True positives: cases correctly classified at the predicted obesity level
False positives: cases incorrectly classified at a higher or lower obesity level
False negatives: cases at a given obesity level incorrectly classified as another
True negatives: cases correctly identified as not belonging to a specific obesity level

	Predicted normal weight	Predicted Obese I	Predicted Obese II	Predicted Obese III	Predicted Overweight I	Predicted Overweight II	Predicted Underweight
Real normal weight	35	3	0	4	1	3	0
Real Obese I	6	27	24	9	6	8	3
Real Obese II	4	12	32	0	1	3	4
Real Obese III	0	0	0	57	0	1	0
Real Overweight I	7	21	2	8	23	4	2
Real Overweight II	9	15	5	5	7	15	0
Real Underweight	13	5	0	1	4	0	33

In this example, 52.61% of cases were correctly classified and 47.39% were misclassified.

6. Model deployment

Once validated, the neural network can be saved for deployment, allowing predictions of obesity level for new individuals based on age, gender, eating habits, and physical activity.

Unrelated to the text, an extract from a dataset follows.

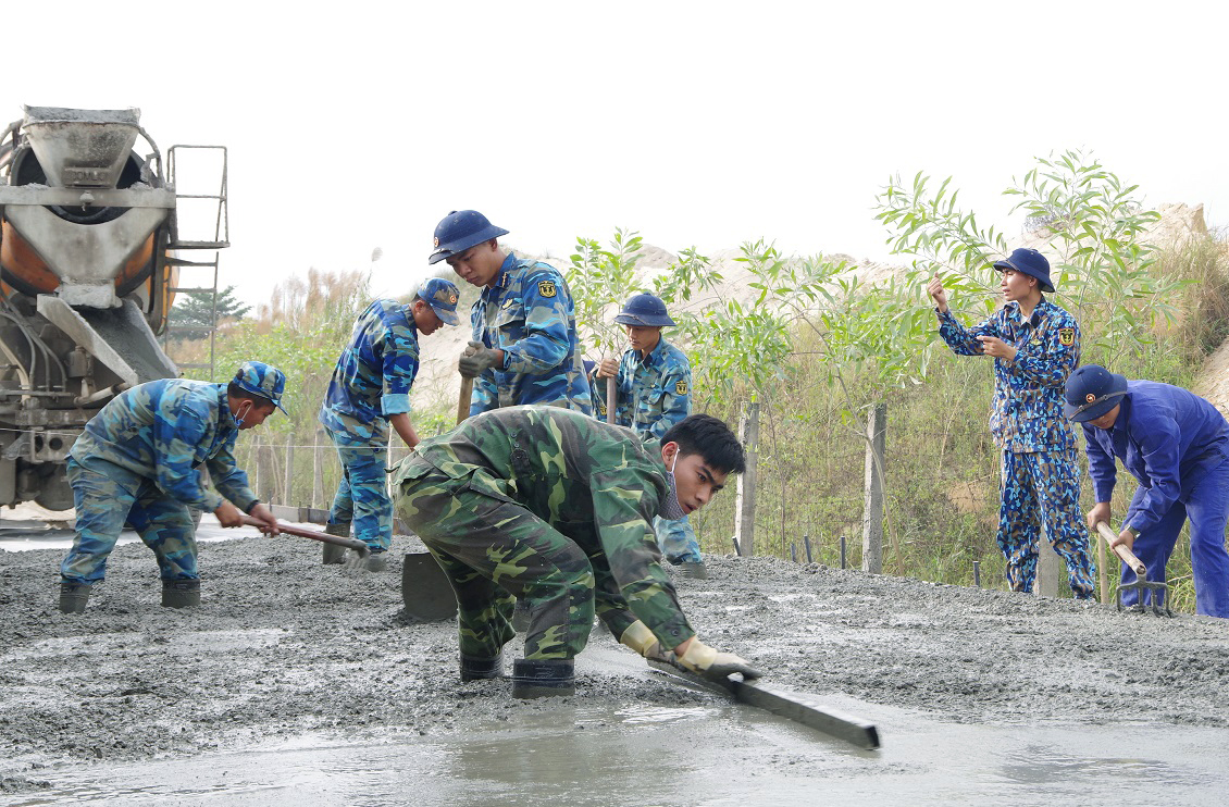Trung tá Nguyễn Đức Nhật, Tiểu đoàn trưởng Tiểu đoàn 884, Chỉ huy trưởng Khung xây dựng công trình dáng người hao gầy, da ngăm đem trong bộ bảo hộ lấm lem đất bụi đang trực tiếp chỉ đạo bộ đội làm đường. Tạm dừng làm việc, ra đón đoàn công tác, anh Nhật hồ hởi: “Con đường này bị hư hỏng nặng lâu rồi mà không được tu sửa. Bà con đi lại qua đây nhiều người bị tai nạn do mặt đường lồi lõm. Hôm nay theo kế hoạch là anh em nghỉ Tết rồi nhưng tranh thủ hoàn thiện con đường liên thôn giúp bà con đi lại cho an toàn, đặc biệt là trong dịp Tết Nguyên đán sắp tới”.

In deployment mode, healthcare professionals can use it as a decision-support tool, with Neural Designer automatically exporting the trained model for easy integration into clinical or research workflows.

Conclusions

The machine learning model achieved high predictive performance (correlation = 0.844) in estimating obesity levels.

The most influential factors—caloric intake, family history of overweight, and age—are consistent with established medical and nutritional evidence, supporting the model’s reliability.

This tool can help healthcare and nutrition professionals assess obesity more accurately, deliver personalized recommendations, and support effective interventions to improve patient outcomes.

References

We have obtained the data for this problem from the UCI Machine Learning Repository.
Palechor, F. M., & de la Hoz Manotas, A. (2019). Dataset for estimation of obesity levels based on eating habits and physical condition in individuals from Colombia, Peru and Mexico. Data in Brief, 104344.
De-La-Hoz-Correa, E., Mendoza Palechor, F., De-La-Hoz-Manotas, A., Morales Ortega, R., & Sanchez Hernandez, A. B. (2019). Obesity level estimation software based on decision trees.